Setelah mendengar semua ini, Xu Qing tidak banyak berkomentar. Namun, hal itu benar-benar memberikannya sudut pandang baru saat membandingkan puluhan ribu batu spiritual yang selama ini ia khawatirkan dengan jutaan batu spiritual yang baru saja disebutkan oleh Huang Yan. Rasanya sungguh membuat dada sesak. Ia menusuk cangkang telurnya dan menyeruput isinya, namun tidak bisa berhenti memikirkan segala hal tadi.
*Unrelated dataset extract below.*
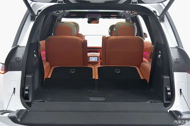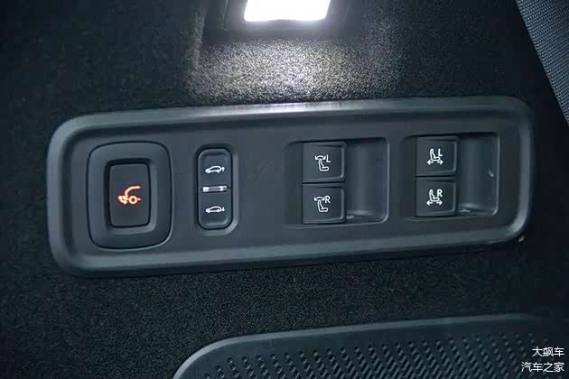 后备厢位置有一组按键,可以调节第三排座椅前后、靠背角度以及放倒。同时,还能控制空气悬架的高低升降。另外,还有一个控制后拖钩的按键。
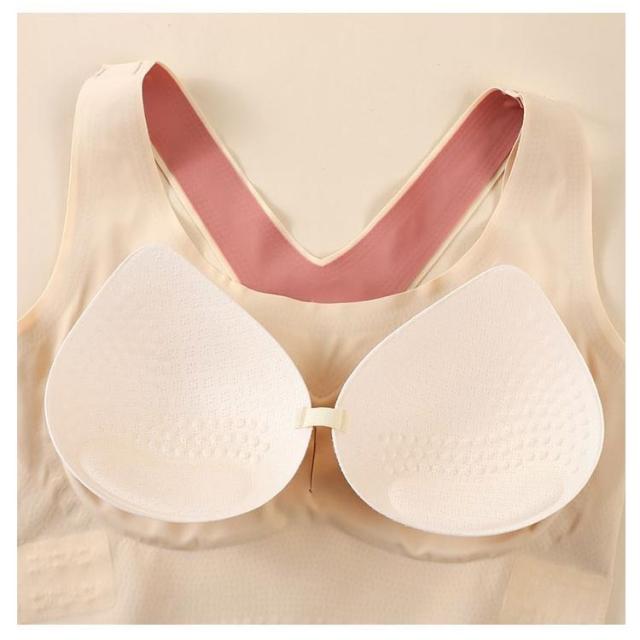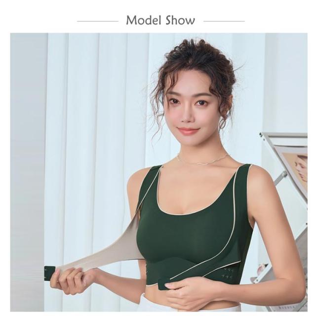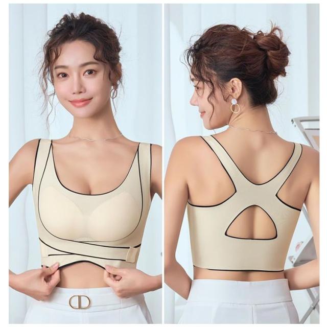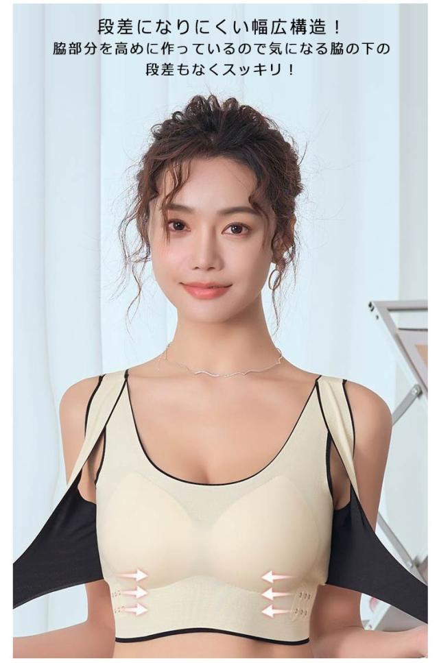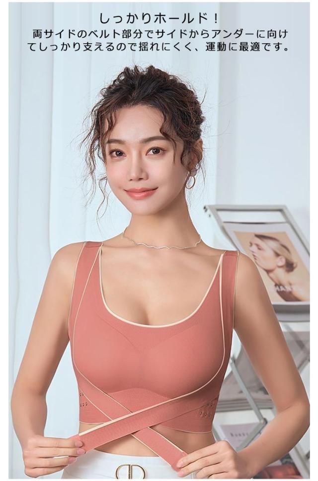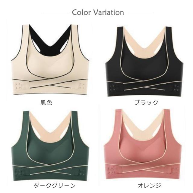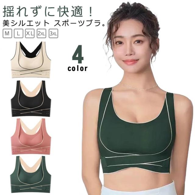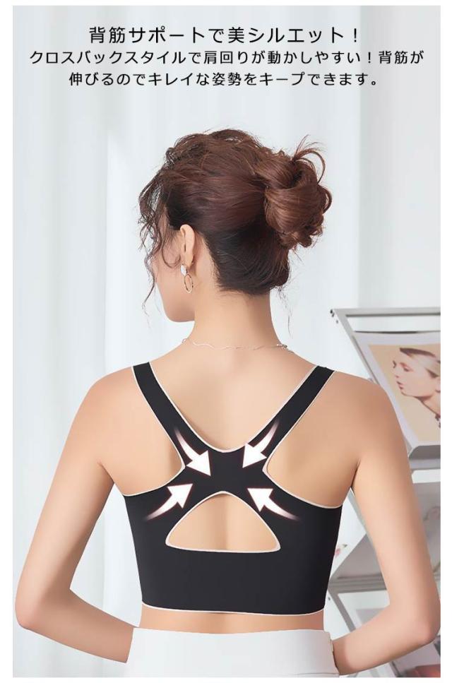 | 揺れずに快適!美シルエット スポーツブラ。 しっかりホールド!両サイドのベルト部分でサイドからアンダーに向けてしっかり支えるので揺れにくく、運動に最適です。 3段階調節できるホック!ホックが3列になっているのでその日の体調に合わせて調整可能! 背筋サポートで美シルエット!クロスバックスタイルで肩回りが動かしやすい!背筋が伸びるのでキレイな姿勢をキープできます。 段差になりにくい幅広構造!脇部分を高めに作っているので気になる脇の下の段差もなくスッキリ! シームレスで蒸れにくい。生地は柔らかくサラッとして、お肌にも優しいシームレス設計。 パッド部分も通気性が高く、汗をかいても安心! | |

Huang Yan telah selesai dengan monolognya tentang Manusia Ikan, dan sekarang mulai mengobrol ngalor-ngidul tentang Kakak Perempuanku.

Sebagian besar waktu diisi dengan Huang Yan yang berbicara dan Xu Qing yang mendengarkan. Itu adalah cara percakapan yang aneh, namun Huang Yan tampak sangat menikmatinya.
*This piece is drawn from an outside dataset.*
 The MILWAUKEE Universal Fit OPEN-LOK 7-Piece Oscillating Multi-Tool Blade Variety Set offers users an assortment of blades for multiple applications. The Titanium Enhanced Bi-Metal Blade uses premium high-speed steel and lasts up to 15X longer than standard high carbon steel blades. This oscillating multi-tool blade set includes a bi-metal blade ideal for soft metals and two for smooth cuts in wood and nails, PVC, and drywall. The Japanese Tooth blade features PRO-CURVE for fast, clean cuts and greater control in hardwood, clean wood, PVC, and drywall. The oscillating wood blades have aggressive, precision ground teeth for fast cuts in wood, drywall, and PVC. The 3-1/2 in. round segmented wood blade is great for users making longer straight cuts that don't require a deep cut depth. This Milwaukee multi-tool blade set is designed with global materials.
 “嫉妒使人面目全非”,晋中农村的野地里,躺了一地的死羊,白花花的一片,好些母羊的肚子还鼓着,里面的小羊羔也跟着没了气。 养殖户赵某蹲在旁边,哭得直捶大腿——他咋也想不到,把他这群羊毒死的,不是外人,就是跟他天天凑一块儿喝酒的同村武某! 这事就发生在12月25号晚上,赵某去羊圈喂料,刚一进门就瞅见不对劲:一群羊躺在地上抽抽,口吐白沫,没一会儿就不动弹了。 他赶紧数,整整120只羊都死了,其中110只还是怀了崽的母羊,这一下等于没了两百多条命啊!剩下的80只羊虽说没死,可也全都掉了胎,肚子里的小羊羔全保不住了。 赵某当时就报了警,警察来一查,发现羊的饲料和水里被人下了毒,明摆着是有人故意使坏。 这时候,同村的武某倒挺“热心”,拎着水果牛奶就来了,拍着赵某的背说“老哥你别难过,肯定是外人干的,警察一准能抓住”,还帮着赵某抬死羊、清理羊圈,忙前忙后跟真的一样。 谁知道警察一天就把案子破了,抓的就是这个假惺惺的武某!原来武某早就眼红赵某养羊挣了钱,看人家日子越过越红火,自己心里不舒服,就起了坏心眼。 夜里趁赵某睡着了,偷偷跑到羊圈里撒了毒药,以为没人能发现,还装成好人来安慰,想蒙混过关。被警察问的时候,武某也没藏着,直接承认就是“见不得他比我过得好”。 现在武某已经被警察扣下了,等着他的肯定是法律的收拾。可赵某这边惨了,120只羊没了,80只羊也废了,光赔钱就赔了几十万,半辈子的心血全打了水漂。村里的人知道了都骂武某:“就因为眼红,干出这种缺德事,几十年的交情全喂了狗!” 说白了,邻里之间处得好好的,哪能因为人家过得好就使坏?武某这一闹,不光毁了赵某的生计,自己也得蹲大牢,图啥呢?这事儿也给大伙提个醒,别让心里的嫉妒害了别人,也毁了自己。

Ketika hari mulai gelap, Huang Yan menghabiskan sisa telurnya, menepuk perutnya, dan bersiap untuk pergi. Sambil melepaskan sendawa, ia merendahkan suaranya dan berkata, "Xu Qing, aku mungkin tidak perlu memberitahumu ini, tapi… jangan bertindak bodoh dengan mencoba merebut tempat pertama. Menjadi seorang murid konlaf itu tidak penting. Inti dari Turnamen Besar adalah mendapatkan sumber daya. Kau akan lebih mengerti maksudku ketika kau benar-benar sampai di sana.

"Faktanya, hampir tidak ada orang yang peduli dengan peringkat akhir. Tujuannya hanyalah untuk menjadi kaya. Lagipula, rahasiakan semua ini. Ini seharusnya hanya antara kau dan aku. Kita ini bro, jadi aku tidak keberatan membagikannya, tapi jangan menyebarkan informasi ini. Begitu kita sampai di sana dan tahu pulau mana tempat kita berada, kita akan mengambil apa pun yang bisa kita dapatkan dan keluar sebagai orang kaya!"

Xu Qing mengangguk.

Sambil menepuk perutnya dengan puas, Huang Yan berbalik dan pergi. Tidak jauh dari situ, ia mengeluarkan medallion identitasnya untuk mulai mengirimkan pesan-pesan manis kepada Kakak Perempuanku.

Setelah kepergiannya, Xu Qing duduk di haluan kapalnya menatap ke arah Laut Terlarang. Ombak datang bergulung perlahan, membuat kapal itu terombang-ambing naik turun. Di bawah cahaya bulan, ia bisa melihat bayangannya sendiri di dek di depannya, memanjang melewati sisi kapal dan masuk ke dalam air yang gelap gulita. Matanya berkilat dingin saat ia mengingat kalimat yang ditulis oleh si Bisu di dalam jimat giok.

"Ia sedang tidur…."

Waktu berlalu. Enam jam kemudian, para murid dari Puncak Ketujuh merasakan medallion identitas mereka bergetar saat sebuah pesan suara masuk.

"Semua murid yang berpartisipasi dalam Kompetisi Besar memiliki waktu seperempat jam untuk berkumpul di altar pusat. Kompetisi Besar Puncak Ketujuh akan segera dimulai!"